Let us fix $a=se^{i\psi}\in\Bbb C,\;r>0,\epsilon>0$.
I want to describe the set $$ A:=\left\{z\in\Bbb C\;:\;\left|\frac{\epsilon}z-a\right|<r\right\}\;\;. $$
First I notice that $$ \frac{\epsilon}z=a\;\;\Longleftrightarrow z=\frac{\epsilon}{s}e^{-i\psi}. $$ Call it $z_0$. Now, if we move in $A$, on the line of complex numbers of argument $-\psi$, the most distant elements from $z_0$ are $z_{\pm}:=\left(\frac\epsilon s\pm r\right)e^{-i\psi}$ (which are in $\partial A$ to be precise), so it follows that $$ \lambda e^{-i\psi}\in A,\;\;\lambda\in\left(\frac\epsilon s-r,\frac\epsilon s+r\right). $$ Moreover, for every such $\lambda$, there exists $g(\lambda)>0$ such that $$ \lambda e^{-i\phi}\in A\;\;\Longleftrightarrow \phi\in\left(\psi-g(\lambda),\psi+g(\lambda)\right)=:I_{\lambda}\;. $$ It is clear that:
-$g$ is continuous (and I'd say smooth)
-$g(\lambda)\to0^+$ as $\lambda\to\frac\epsilon s\pm r$
-it reaches its maximum at the midpoint $\lambda_0=\frac\epsilon s$
-it's symmetric with respect to $\lambda_0$
Hence $A$ can be described as follows:
$$ A=\left\{\lambda e^{-i\phi}\;:\;\lambda\in\left(\frac\epsilon s-r,\frac\epsilon s+r\right),\; \phi\in\left(\psi-g(\lambda),\psi+g(\lambda)\right)\right\}\;\;. $$
My suspect is that $g$ increases till $\lambda_0$ and then decreases to $0$ in a way that the surface spanned is exactly a circle, namely $$ A=\left\{\left|z-\frac\epsilon a\right|<r\right\}\;. $$ What can I do to get more information on $g$ to prove/disprove this last equality?

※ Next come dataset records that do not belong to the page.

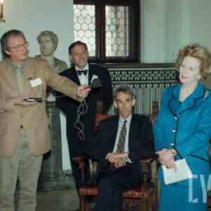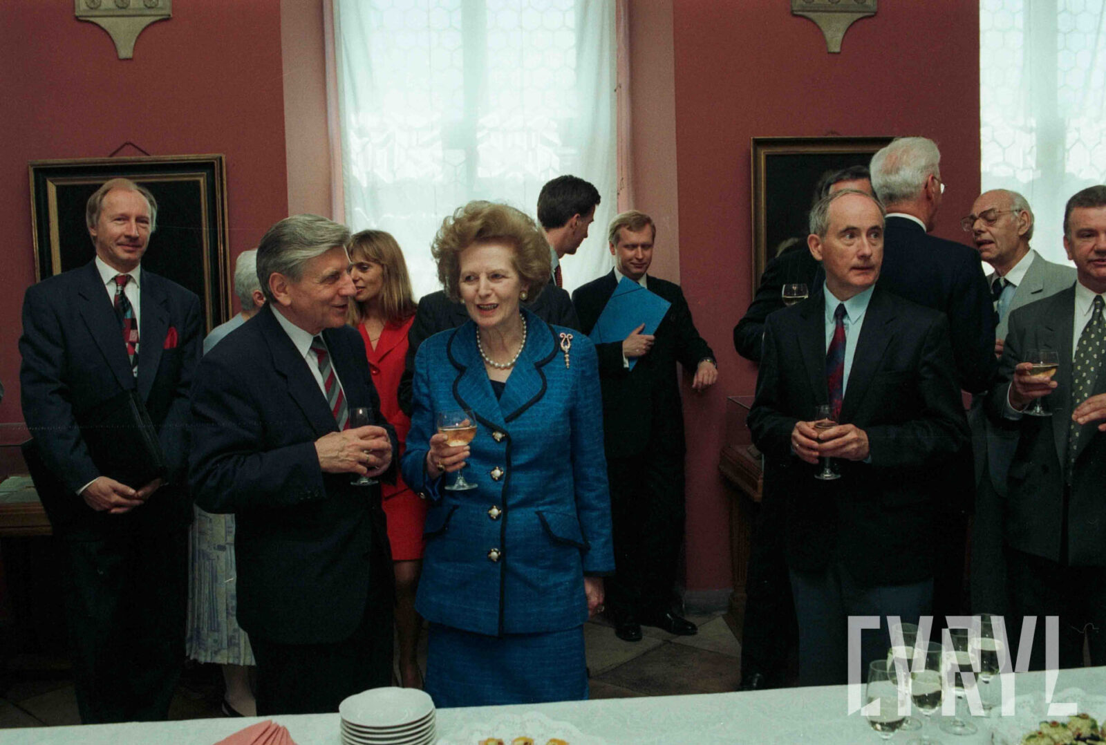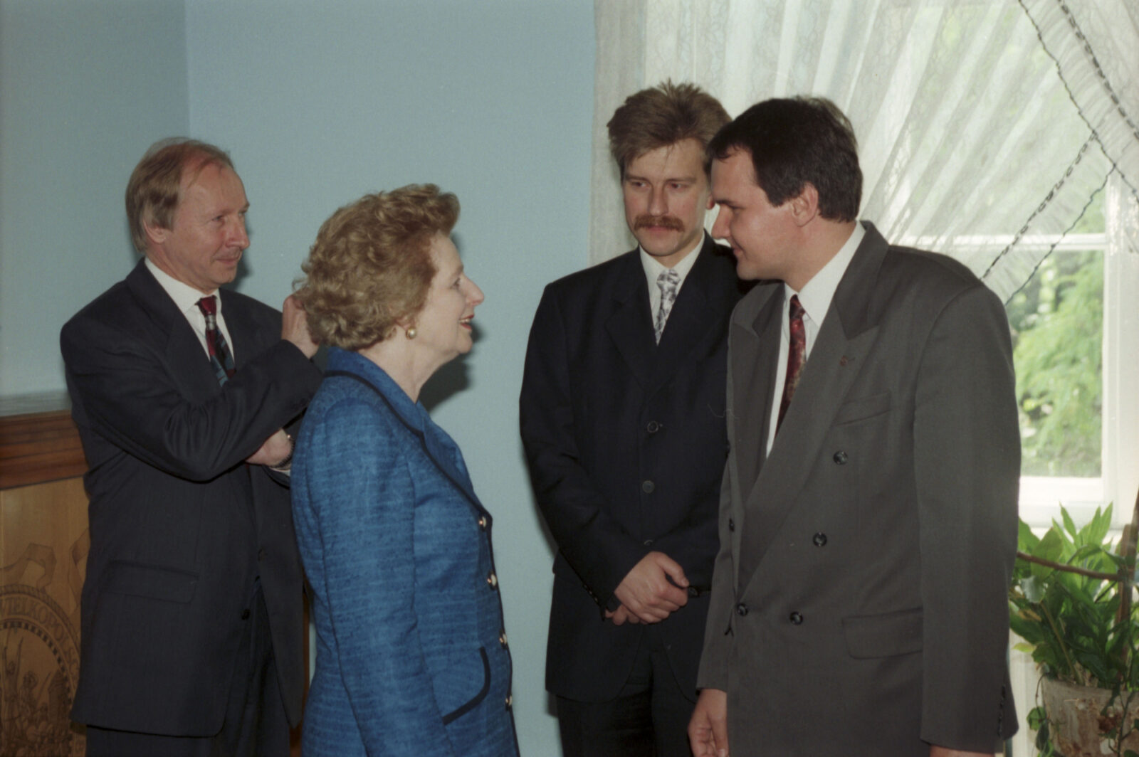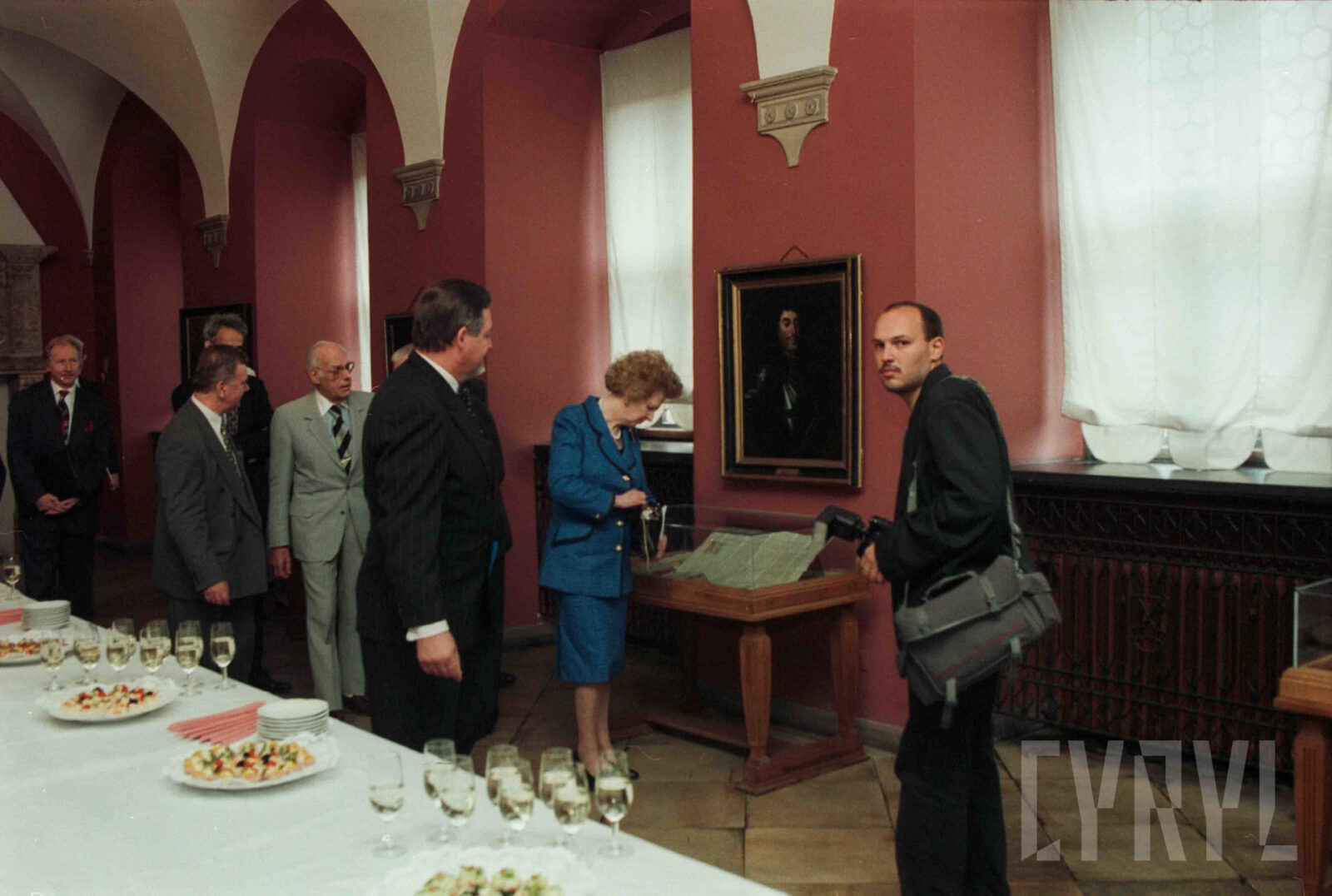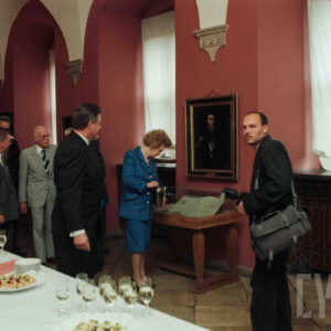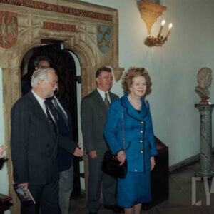 Wizyta Margaret Thatcher, byłej premier Wielkiej Brytanii, w Sali Królewskiej ratusza, drugi od lewej prof. Bohdan Gruchman, rektor Akademii Ekonomicznej w Poznaniu (dzisiaj Uniwersytet Ekonomiczny)03.07.1996
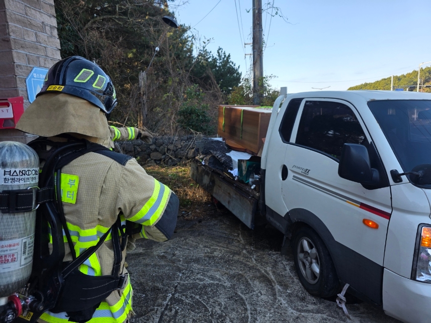 제주소방안전본부에 따르면 어제(28일) 오전 10시쯤 서귀포시 표선면 한 도로에서, 주행 중이던 화물차량에서 불이 났다는 신고가 접수됐습니다.
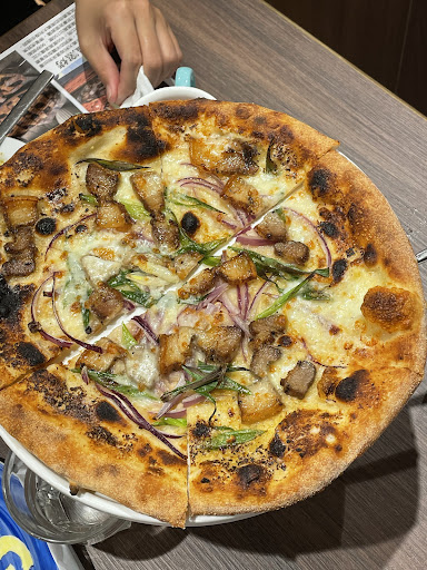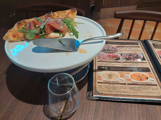 . very salty pizza ( it's the dough NOT ham, that is salty ! ) only provide 1 serving of shaved cheese, NOT Even if we request to pay for the Cheese. order a wine - lied that they do not have unopened bottle. Any order, they would need to open a fresh bottle. I had a sip & felt that spending more would give me a better experience so asked if i could purchase the whole bottle. To my surprised, staff replied that the glass I had was from an opened bottle, thus I would need to pay for additional new bottle. What an absurb reply.
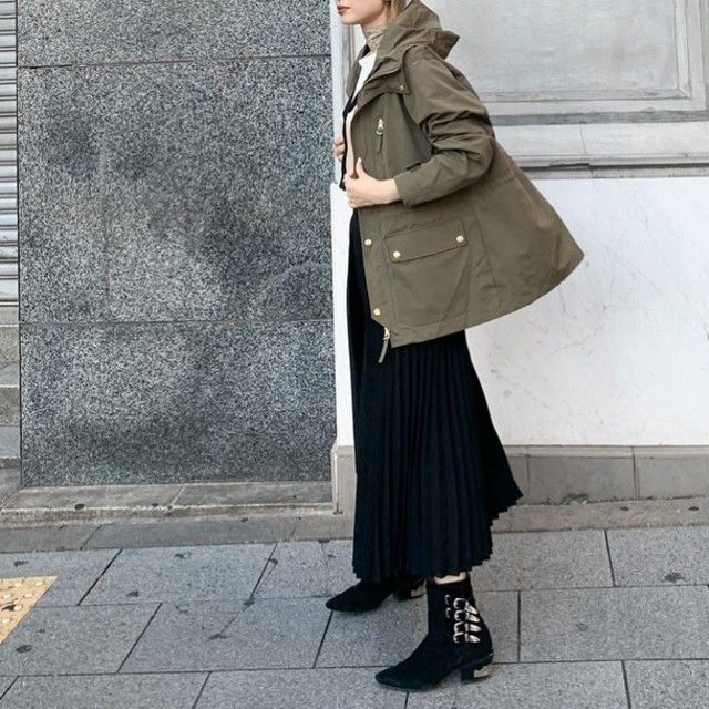 マウンテンパーカーは「ショートブーツ」とも相性バツグン。早春や秋にイチ押しのスタイリングです。
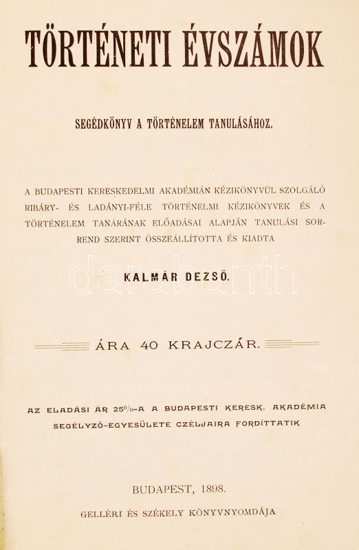 Kalmár Dezső: Történeti évszámok - segédkönyv a történelem tanításához. Bp., 1898 Gelléri és Székely. 32p. hátsó borító nélkül
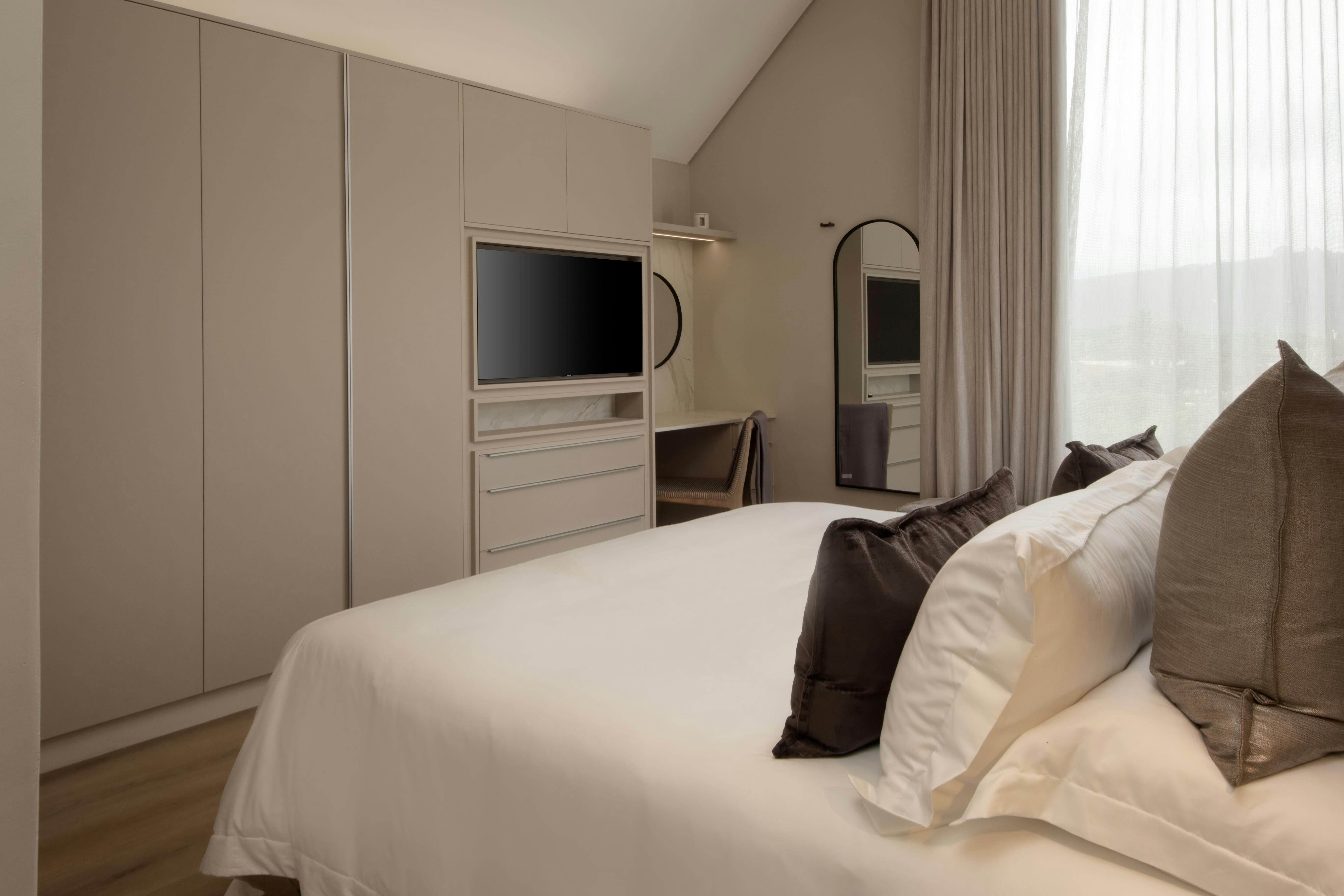 Verblyf sluit 'n reeks suites en kamers in, elk ontwerp met premium afwerkings. Gaste kan kies uit opsies met see-uitsigte of uitsigte oor die omliggende landskap.

$W = \{w \in \mathbb C: |w - a| = r\}$ is the circle of radius $r$ centred at $a$. It is the image of $Z = \{z \in \overline{\mathbb C}: |\epsilon/z - a| = r\}$ under the inversion $f: z \to \epsilon/z$, where $\overline{\mathbb C}$ is the Riemann sphere (the extended complex plane). That being a Möbius transformation, it takes circles and lines into circles and lines. To make sure it is a circle and not a line, we just need to make sure it doesn't contain the point at $\infty$, i.e. that $|a| \ne r$. Now $A = \{z \in \mathbb C: |\epsilon/z - a| < r\}$ is either the inside or the outside of the circle $Z$. To check which it is, we just need to check what happens to $\infty$ under the transformation. What we need for it to be the inside of the circle is that it doesn't contain a deleted neighbourhood of $\infty$, i.e. that $|a| > r$.